The stories most at risk of disappearing are often the ones that never sat on a ballot line or a courthouse plaque: the women who kept churches, schools, farms, civic groups and family businesses moving across South Jersey. A new book, Notable Women of South Jersey, is being assembled to pull those scattered histories into one place, with Brittney Ingersoll, curator for the Cumberland County Historical Society, helping lead the Cumberland County side of the effort.

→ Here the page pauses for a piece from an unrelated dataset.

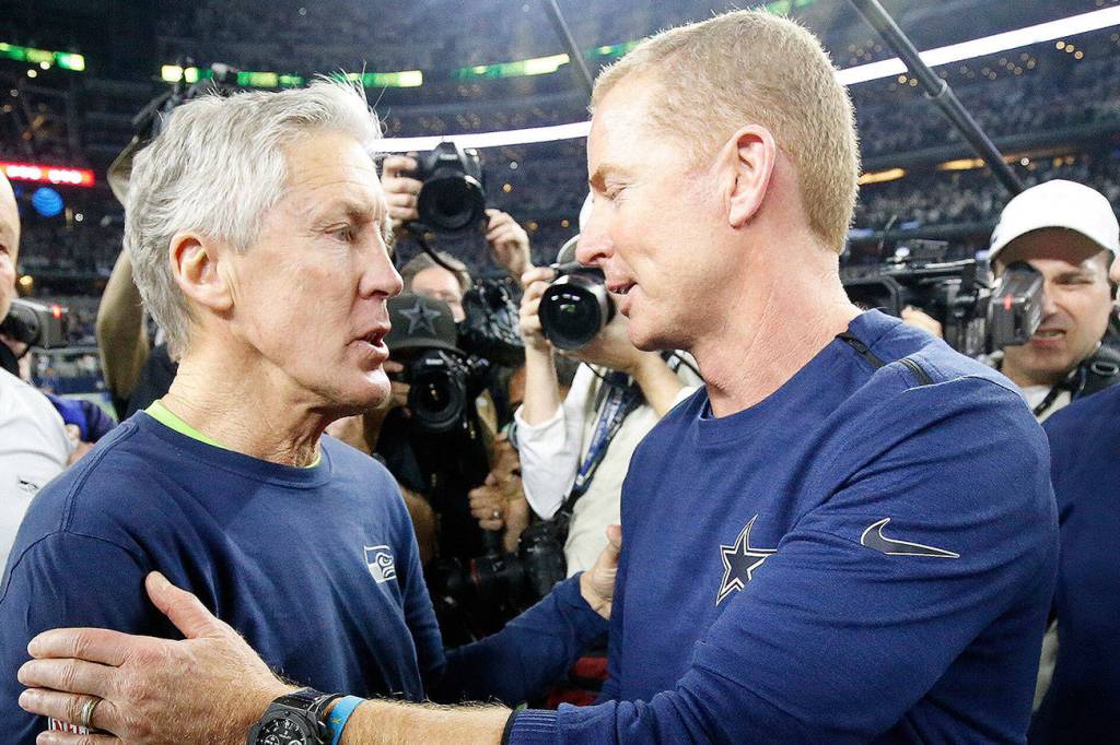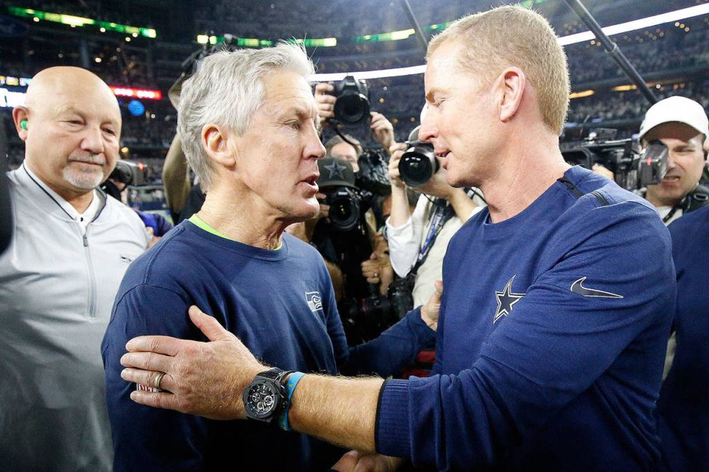 Seattle head coach Pete Carroll (left) congratulates Dallas head coach Jason Garrett after the Cowboys beat the Seahawks 24-22 in an NFC wild-card playoff game Saturday in Arlington, Texas. (AP Photo/Michael Ainsworth)

The project is set to include women from all eight South Jersey counties, Atlantic, Burlington, Camden, Cape May, Cumberland, Gloucester, Ocean and Salem. That regional reach matters in Cumberland County, where women’s work has often been preserved in archives, family albums and oral memory rather than in the public record. The book aims to change that by organizing names, achievements and local ties before firsthand memories fade.
Cumberland County already has a framework for that kind of recognition. The Cumberland County Women’s Hall of Fame honors local women of outstanding achievement who have made significant contributions to a profession, the community or women’s issues, and SNJ Today reported in March 2024 that the hall planned a gala honoring four women. South Jersey women have also been featured in Women’s History Month programming, including Mary Treat, an early Vineland resident and naturalist who worked with Charles Darwin on the study of plants, animals and insects. Those examples show how local history can widen when women are named directly instead of left in the margins.
Ingersoll’s role also ties the project to an institution with deep county roots. The Cumberland County Historical Society first organized at a meeting on Dec. 2, 1908, and its collections focus on Cumberland County history from about 1750 to the present. The society also serves as administrator for Potter’s Tavern in Bridgeton and the Old Stone Church in Fairfield, giving it a practical role in preserving the places where local history lives.
That preservation work has already included programming on women and women’s groups in Cumberland County during World War I, along with educational materials on figures such as Mary Merris and Catharine MacCaffray. Taken together, those efforts point to the larger question at the heart of the new book: whose work becomes history, and whose names slip out of public view unless someone deliberately gathers them back?